Of those who have purchased equipment insurance did the company claims reality match their sales pitch?

Any specific experiencees with Marsh specialty would be most welcome.

Thanks in advance!


----------



## mwcfarms (Nov 1, 2010)

For nine more dollars a month I insure my gear with a rider policy on our home insurance. I would rather pay that and a $500 deductable if I ever needed too than shell out 3 to 5 k for new gear.


----------



## Big Mike (Nov 1, 2010)

Yes, you might be able to have your gear covered by a home insurance policy.  When I called, they said that my gear was already covered and by adding a rider to the policy, I could have a lower deductible for my specified photo gear.

But of course, if you are a professional, your gear is probably not covered under a home policy.

To find a good policy, I'd suggest looking into a professional photographer's association. 
Member Benefits
Wedding Photojournalism - WPJA Member Benefits: Photography Forum, Photography Contests, Advertising Campaign.
and so on.


----------



## KmH (Nov 1, 2010)

Big Mike said:


> But of course, if you are a professional, your gear is probably not covered under a home policy.


Word!


----------



## mwcfarms (Nov 1, 2010)

Oh but it can be as a small business.
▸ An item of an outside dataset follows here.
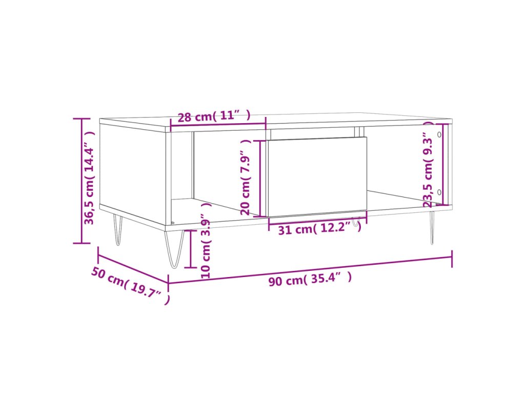 Konferenční stolek bílý 90 x 50 x 36,5 cm kompozitní dřevo 830588

I have checked that out too.


----------



## Destin (Nov 1, 2010)

State farm offers insurance that could meet your needs too. I just sent an email out earlier today inquiring about it, I'll let you know what they say.


----------



## DC-Photog (Nov 1, 2010)

The home owner's policy usually has very strict limits about the type of loss the amount they'll cover for photography equipment.

A separate policy that covers all of your big-ticket items is surprisingly not that expensive. My business equipment policy is from State Farm and covers all of my photography and computer equipment in my home office and anywhere on location. 
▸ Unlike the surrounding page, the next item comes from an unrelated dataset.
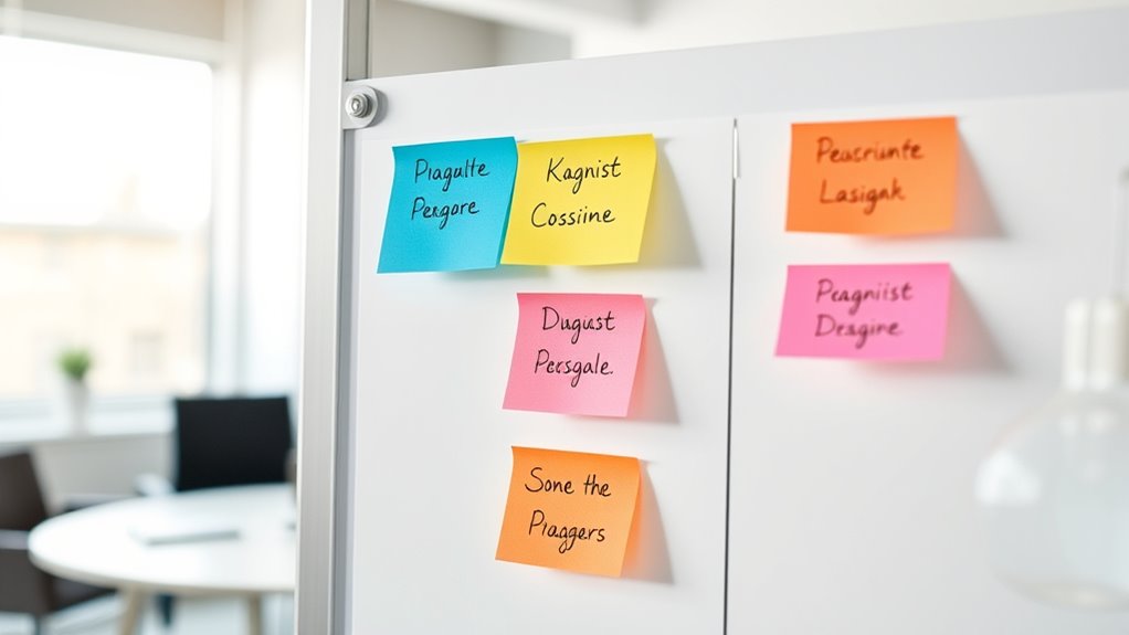 Imagine you’re a freelance designer juggling multiple projects. You should review your Kanban board daily or at least every couple of days to keep your workflow smooth. Regular review frequency guarantees you notice bottlenecks early and update your board promptly. Set a routine, like a morning check-in, to keep your board current, helping you stay organized and adapt quickly to new priorities or challenges.

Hill & Usher offers a policy tailored for photographers. I used them before consolidating all of my insurance needs with State Farm.

I strongly recommend calling an insurance agent and discussing the options.
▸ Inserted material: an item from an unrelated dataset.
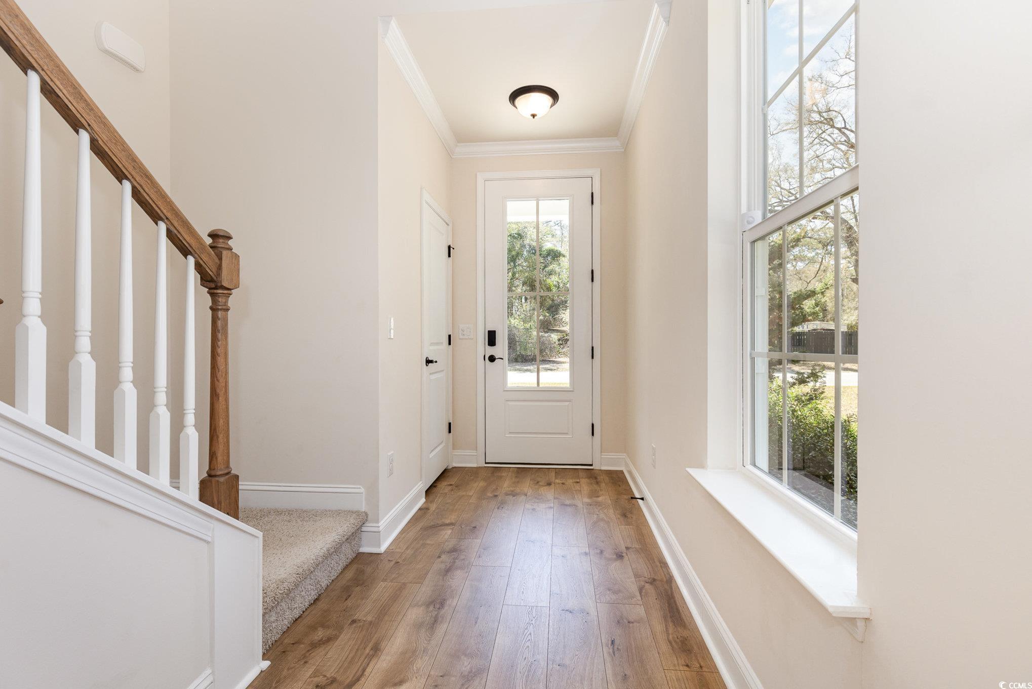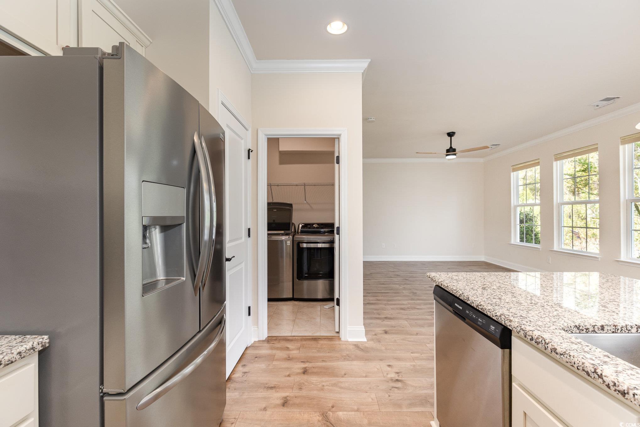 Welcome to Water's Edge! Tucked away with privacy on all sides, this beautifully maintained home offers a peaceful retreat while still being close to everything you need in North Myrtle Beach. As you walk into the living room, you're greeted with large windows letting in plenty of natural light and giving you a view of the back patio. The kitchen boasts granite countertops, stainless-steel appliances and pantry. Enjoy your morning coffee at the breakfast bar or on the back patio, with beautiful views of nature. The backyard also features mature, low-maintenance landscaping, irrigation with drip system, herb plot, and LED landscape lighting. Additional updates includeProSystems whole-house water filter, Reme Halo In-Duct Air Purifier, Premium-grade gutter guards, and much more! The upstairsMaster Bedroom offers gorgeous views of the backyard as well as vaulted ceiling and a large walk-in closet. For added convenience, you have a nook that can be used as an office or study. Water's Edge is conveniently located near all that North Myrtle Beach has to offer; great shopping, dining, a 5 minute drive to Cherry Grove Beach, and just one hour to Wilmington. The HOA fee includes weekly lawncare and mowing, as well as High speed fiber internet. Community amenities include outdoor pool, community center, and fitness room. Schedule your showing today!

Also, if you're getting paid for services, you need a liability policy. 

I'm currently paying around $700/year for the equipment and liability coverage.


----------



## Destin (Nov 1, 2010)

Just heard back from allstate. $33 per year, or $2.75 per month will cover me against theft and accidental damage on my gear, which is valued at around $1,800 right now


----------



## skieur (Nov 2, 2010)

It is questionable for many, as to the usefulness of photographic equipment insurance.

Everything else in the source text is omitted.